Initialization of blood types:

• Next, the method specifies the size of the arrays of blood types (bTypes) for the S_Mama and S_Papa structures.
• For different combinations (for example, ma [0].pa [0], ma [1].pa [2] etc.), different blood types are set according to a special inheritance matrix, and the size of the arrays is specified via ArrayResize.

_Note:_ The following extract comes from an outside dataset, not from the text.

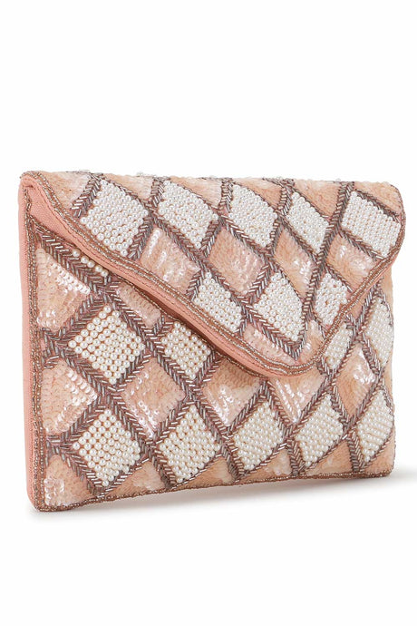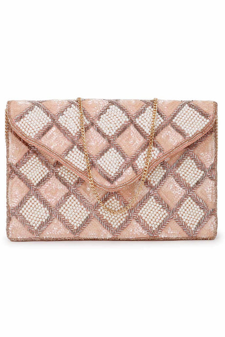 Gold Chevron Sequinned Embellished Satin Sling Bag

So, the Init method in the C_AO_BIO class performs the important task of preparing the object for the execution of the optimization algorithm: it creates a population of agents, sets up their initial parameters, and defines the association rules for blood types (inheritance). This allows one to instantly obtain the probable blood type of the offspring, as well as use the parameters of their "blood" for further evolution within the algorithm.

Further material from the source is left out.